Longbottom believes the technology faces an uphill battle. "Clearly there must be concerns about the future of Alpha and Tru64 with 64bit Intel just around the corner. It's going to be difficult for Alpha to make economic sense, since it has such a small share of the market," he said.
"Anyone underpinning Windows NT with Alpha is already in trouble, with Microsoft no longer developing for Alpha. It's all down to how far Tru64 can go now. If anyone has any doubts, there's always other flavours of Unix, Windows 2000 or, if they fancy a shot in the dark, Linux," he added.

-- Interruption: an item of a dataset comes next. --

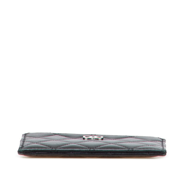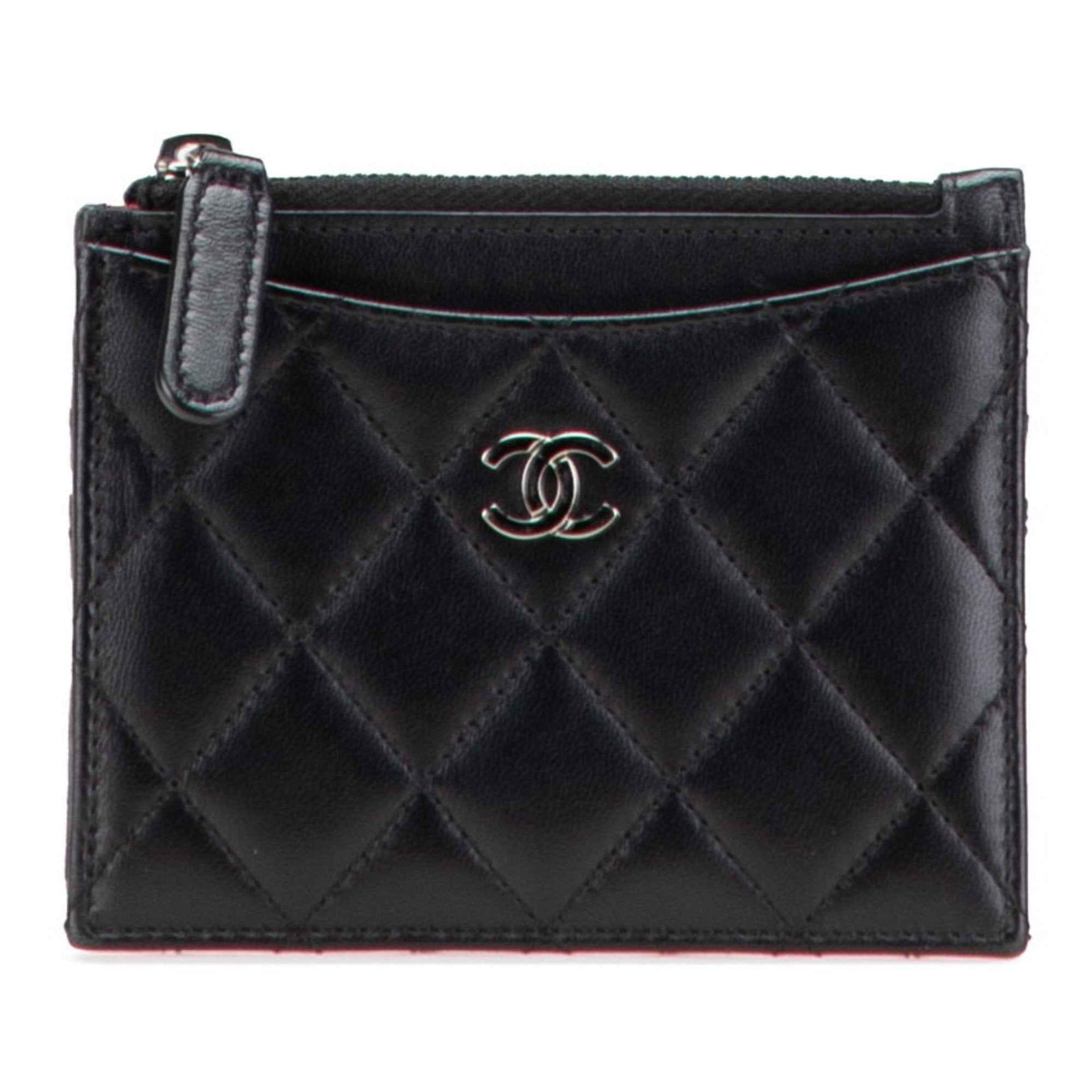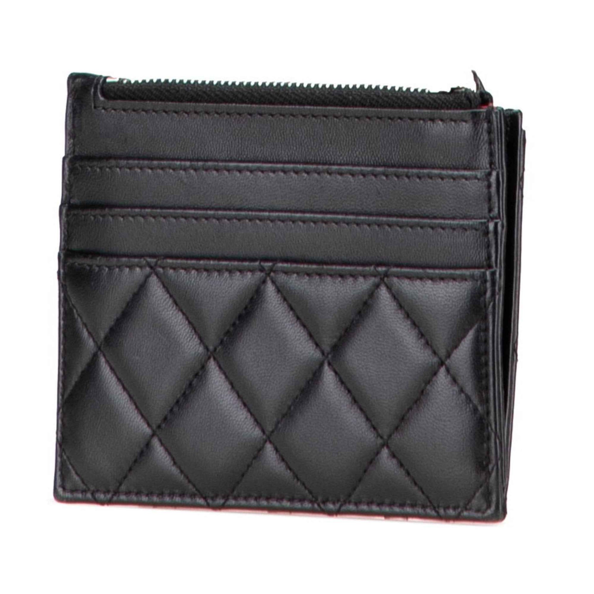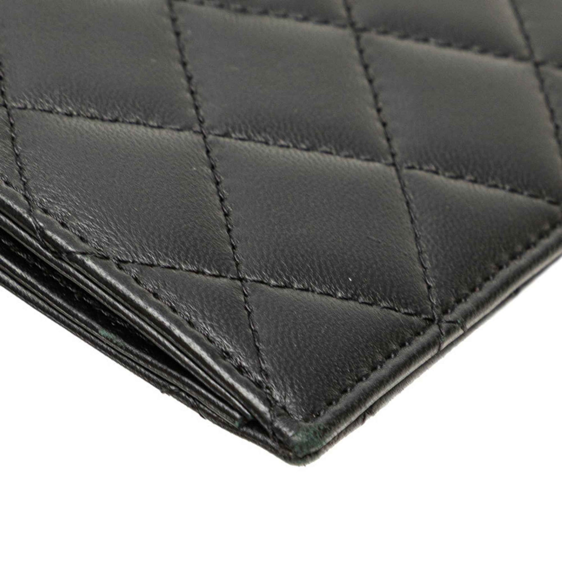 CHANEL Matelasse Coco Mark Silver Hardware Wallet/Coin Case/Business Card Case/Card Case Fragment Black Lambskin Women\'s

Other analysts paint a bleaker picture. Peter Crowcombe, of consultant Infonetics, said: "I think that Alpha has died the death already, except for a few high-end niches. Water flows under the bridge so quickly in processor development that you need to pump a fortune into R&D just to stay in the game. If I was an Alpha user, I'd be taking a good long look at what R&D is going into Alpha compared with competitive platforms, and make my decision based on that."
Mid-range gains in Europe
But it's not all doom and gloom for Compaq's Unix-based enterprise ambitions. In Europe at least, it is the fastest growing Unix supplier at the moment, according to several sources. And although much of this growth has been in the mid-range, the recently launched AlphaServer GS range may help it make gains at the high-end as well.
To improve its prospects, Compaq is focusing the GS range at hot areas such as business-to-business infrastructure, and on high octane markets such as telecoms and ebusiness.
The success of the next generation of Alpha machines, which will be the first fruits of its collaboration with IBM, will be a crossroads for Alpha, and for Compaq. If all goes well, Alpha can follow in the slipstream of other platforms for a while longer. But if the results of the IBM deal fail to reassure existing Alpha users, or convert new ones, then the end will be nigh.